> RECORDS FOR THE TASK

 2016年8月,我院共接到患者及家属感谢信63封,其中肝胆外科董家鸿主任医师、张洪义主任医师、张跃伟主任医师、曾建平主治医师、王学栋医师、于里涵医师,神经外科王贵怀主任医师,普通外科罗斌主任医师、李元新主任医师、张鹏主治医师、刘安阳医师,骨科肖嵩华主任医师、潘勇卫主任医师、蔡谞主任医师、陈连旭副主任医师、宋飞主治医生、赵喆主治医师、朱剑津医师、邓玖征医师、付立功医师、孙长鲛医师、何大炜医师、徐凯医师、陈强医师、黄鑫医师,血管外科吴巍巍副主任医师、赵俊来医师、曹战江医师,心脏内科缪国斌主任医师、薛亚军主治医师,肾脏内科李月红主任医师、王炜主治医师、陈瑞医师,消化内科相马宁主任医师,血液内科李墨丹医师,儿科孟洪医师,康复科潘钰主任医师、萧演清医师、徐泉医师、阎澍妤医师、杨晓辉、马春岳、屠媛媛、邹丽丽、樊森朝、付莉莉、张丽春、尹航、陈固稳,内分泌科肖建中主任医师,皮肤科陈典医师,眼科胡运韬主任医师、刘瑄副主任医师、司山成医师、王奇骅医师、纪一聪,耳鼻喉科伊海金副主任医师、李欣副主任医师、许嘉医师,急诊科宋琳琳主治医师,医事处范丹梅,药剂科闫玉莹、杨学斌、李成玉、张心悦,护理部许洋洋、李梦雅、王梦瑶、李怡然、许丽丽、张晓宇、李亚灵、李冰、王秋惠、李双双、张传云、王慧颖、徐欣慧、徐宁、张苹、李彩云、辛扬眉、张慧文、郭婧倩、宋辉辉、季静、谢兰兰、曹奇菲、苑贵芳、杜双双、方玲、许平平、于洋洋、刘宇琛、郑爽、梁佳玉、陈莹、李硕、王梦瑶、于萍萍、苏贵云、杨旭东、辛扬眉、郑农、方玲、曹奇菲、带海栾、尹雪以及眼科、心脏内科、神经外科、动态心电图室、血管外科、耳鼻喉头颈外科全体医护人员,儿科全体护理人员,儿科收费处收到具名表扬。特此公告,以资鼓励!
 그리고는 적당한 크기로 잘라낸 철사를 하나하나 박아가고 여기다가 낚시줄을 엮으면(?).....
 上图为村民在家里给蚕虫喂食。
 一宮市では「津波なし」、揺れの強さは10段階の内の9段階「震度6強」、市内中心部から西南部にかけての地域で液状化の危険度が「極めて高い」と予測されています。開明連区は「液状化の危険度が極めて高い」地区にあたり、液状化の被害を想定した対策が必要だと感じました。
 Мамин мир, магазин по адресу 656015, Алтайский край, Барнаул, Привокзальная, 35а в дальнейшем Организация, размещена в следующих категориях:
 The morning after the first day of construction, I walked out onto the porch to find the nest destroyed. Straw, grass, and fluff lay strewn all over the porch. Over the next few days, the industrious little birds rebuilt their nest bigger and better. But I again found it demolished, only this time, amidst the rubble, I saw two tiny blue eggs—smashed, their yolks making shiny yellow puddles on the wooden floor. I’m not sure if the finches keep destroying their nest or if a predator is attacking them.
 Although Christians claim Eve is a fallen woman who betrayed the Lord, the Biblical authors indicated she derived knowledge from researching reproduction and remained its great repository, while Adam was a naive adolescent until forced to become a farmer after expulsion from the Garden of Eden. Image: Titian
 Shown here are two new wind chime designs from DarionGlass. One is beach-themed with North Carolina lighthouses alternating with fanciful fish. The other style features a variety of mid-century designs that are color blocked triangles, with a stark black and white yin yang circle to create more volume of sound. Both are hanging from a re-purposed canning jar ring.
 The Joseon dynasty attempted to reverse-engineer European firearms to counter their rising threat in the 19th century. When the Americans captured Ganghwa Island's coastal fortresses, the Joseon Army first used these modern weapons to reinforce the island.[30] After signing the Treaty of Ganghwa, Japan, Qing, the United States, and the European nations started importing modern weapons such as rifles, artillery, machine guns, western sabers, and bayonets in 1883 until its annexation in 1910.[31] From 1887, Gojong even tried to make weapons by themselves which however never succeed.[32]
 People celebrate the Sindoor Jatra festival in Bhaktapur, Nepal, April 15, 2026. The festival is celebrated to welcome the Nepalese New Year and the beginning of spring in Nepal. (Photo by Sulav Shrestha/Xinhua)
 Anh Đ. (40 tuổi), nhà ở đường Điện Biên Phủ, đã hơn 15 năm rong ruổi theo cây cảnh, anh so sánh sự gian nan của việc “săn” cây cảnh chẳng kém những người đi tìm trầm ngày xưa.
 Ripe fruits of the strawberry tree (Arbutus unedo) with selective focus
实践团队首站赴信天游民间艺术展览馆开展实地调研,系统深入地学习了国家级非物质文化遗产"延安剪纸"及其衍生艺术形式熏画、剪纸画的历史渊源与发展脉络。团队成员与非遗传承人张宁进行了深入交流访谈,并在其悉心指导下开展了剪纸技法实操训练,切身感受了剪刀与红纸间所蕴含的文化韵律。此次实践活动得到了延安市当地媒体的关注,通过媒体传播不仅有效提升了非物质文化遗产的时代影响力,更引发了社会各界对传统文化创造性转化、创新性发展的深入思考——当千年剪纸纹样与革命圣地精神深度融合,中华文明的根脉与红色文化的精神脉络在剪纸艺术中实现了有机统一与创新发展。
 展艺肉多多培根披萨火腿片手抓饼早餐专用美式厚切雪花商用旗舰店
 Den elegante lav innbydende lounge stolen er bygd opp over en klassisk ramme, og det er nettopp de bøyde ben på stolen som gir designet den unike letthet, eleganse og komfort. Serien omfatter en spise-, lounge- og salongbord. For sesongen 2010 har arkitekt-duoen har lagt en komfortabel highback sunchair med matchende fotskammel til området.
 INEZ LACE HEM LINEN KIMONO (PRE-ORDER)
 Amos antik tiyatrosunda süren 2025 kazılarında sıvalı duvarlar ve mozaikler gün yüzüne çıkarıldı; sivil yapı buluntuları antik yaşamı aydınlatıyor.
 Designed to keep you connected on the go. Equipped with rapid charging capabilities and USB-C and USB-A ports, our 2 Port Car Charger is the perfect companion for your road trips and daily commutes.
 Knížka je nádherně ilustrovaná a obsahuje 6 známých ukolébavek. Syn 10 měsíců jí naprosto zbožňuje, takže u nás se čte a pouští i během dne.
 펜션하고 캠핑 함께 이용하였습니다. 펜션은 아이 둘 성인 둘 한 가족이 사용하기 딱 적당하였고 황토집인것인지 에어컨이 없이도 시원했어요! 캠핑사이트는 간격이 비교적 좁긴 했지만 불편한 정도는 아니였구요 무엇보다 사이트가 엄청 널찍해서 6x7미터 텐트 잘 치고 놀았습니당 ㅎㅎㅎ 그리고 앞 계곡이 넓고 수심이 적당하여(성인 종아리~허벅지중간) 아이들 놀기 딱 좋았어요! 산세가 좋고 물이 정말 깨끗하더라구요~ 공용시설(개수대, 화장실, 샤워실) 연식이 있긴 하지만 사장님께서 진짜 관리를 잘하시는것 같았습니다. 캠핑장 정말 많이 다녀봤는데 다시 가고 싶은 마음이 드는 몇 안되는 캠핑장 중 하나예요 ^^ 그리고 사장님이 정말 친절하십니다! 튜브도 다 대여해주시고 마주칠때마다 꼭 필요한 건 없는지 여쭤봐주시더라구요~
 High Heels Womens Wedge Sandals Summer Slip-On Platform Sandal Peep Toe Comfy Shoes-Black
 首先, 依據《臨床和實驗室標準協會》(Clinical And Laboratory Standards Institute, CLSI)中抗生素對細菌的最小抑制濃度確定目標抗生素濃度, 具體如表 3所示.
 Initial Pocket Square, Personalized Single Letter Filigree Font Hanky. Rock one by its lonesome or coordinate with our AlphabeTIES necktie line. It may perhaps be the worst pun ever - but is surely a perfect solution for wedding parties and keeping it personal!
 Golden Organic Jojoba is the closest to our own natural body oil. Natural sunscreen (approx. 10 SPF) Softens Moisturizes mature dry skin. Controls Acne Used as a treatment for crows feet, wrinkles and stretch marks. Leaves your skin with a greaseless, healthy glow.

> TASK STATEMENT
Above are the records; print exactly the lines from the line with "Мамин мир, магазин" to the line with "The morning after", including both, and nothing else.

> ANSWER BOX
 Мамин мир, магазин по адресу 656015, Алтайский край, Барнаул, Привокзальная, 35а в дальнейшем Организация, размещена в следующих категориях:
 The morning after the first day of construction, I walked out onto the porch to find the nest destroyed. Straw, grass, and fluff lay strewn all over the porch. Over the next few days, the industrious little birds rebuilt their nest bigger and better. But I again found it demolished, only this time, amidst the rubble, I saw two tiny blue eggs—smashed, their yolks making shiny yellow puddles on the wooden floor. I’m not sure if the finches keep destroying their nest or if a predator is attacking them.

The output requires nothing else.